Noah Syndergaard becoming one of NL's elite rookies

NEW YORK -- Noah Syndergaard might have something to say about the National League Rookie of the Year competition before this season ends.

Syndergaard produced his third straight stellar performance, striking out a career-high 13 batters and throwing a career-high 116 pitches as the New York Mets beat the Arizona Diamondbacks 4-2 in Friday’s series opener at Citi Field.

Syndergaard allowed one run on four hits and two walks in eight innings to reduce his season ERA to 3.11. He has allowed three runs in 22 innings in his past three starts.

The Mets (45-42) pulled within two games of the Washington Nationals for first place in the NL East and within two games of the Chicago Cubs for the second NL wild-card spot with Friday's victory.
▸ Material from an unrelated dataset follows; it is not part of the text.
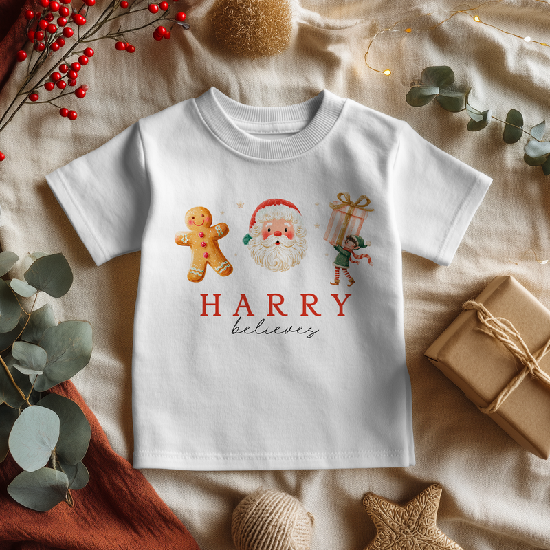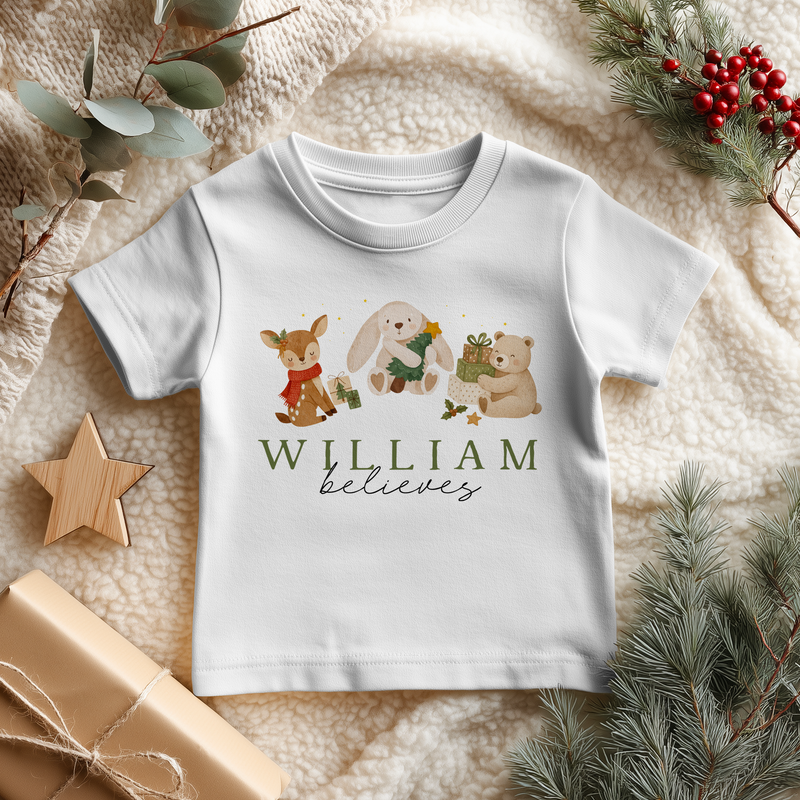 Believe Christmas Animals Personalised Toddler & Kids T Shirt

Syndergaard has considerable ground to make up in a rookie race that features Los Angeles’ Joc Pederson, Philadelphia’s Maikel Franco, Arizona’s Yasmany Tomas, Chicago’s Kris Bryant and San Francisco’s Matt Duffy and Chris Heston.

Last year, NL Rookie of the Year winner Jacob deGrom had a much slimmer field of competitors, headlined by Cincinnati’s Billy Hamilton.

“He’s getting confident,” rookie catcher Kevin Plawecki said about Syndergaard. “He knows his stuff can play here -- and not only play here, but really dominate. He’s been doing tremendous. The more of these good starts he puts together, the confidence just keeps building.”

Syndergaard allowed a game-opening double to A.J. Pollock and eventually a sacrifice fly to Paul Goldschmidt in the first inning, but that was the lone run he surrendered. A year ago with Triple-A Las Vegas, Syndergaard noted, early damage might have led to combustion.

“I feel like after what happened in the first inning, I was able to just be relaxed and go forward after that,” Syndergaard said. “A lot of my worser outings last year in Vegas started off with three or four runs in the first inning. I just couldn’t get out of the first inning without another run being scored.

“I was able to not press the panic button a little bit, have a short-term memory, forget about it and move on to the next batter.”

Said manager Terry Collins: “When you’ve got that kind of stuff, when you pound the strike zone, you’re going to get outs. A lot of strikes. A lot of breaking balls for strikes. A good changeup tonight. His last three have been tremendous.”

Collins pointed to how Syndergaard handled Yasiel Puig at Dodger Stadium in the rookie’s last start and then Goldschmidt on Friday night. After the first-inning sacrifice fly, the All-Star Goldschmidt struck out twice, then popped out in foul territory in the eighth to finish 0-for-3.

“The other day in Los Angeles, when he struck Puig out to end the one inning, that was a major league pitch that good pitchers have to make, and he made it,” Collins said. “Tonight, Paul Goldschmidt is the best hitter in this league, and Noah had a pretty good night against him because he made pitches.”

Collins said Syndergaard felt good and merited handling the eighth inning, especially because he will not pitch again for at least a week due to the All-Star break.

Still, Collins gave a sheepish expression when he learned postgame that 116 pitches marked Syndergaard’s career high.

“I didn’t know that was his career high. Another piece of information I needed to hear,” Collins dryly said. “He deserved to go back out there.”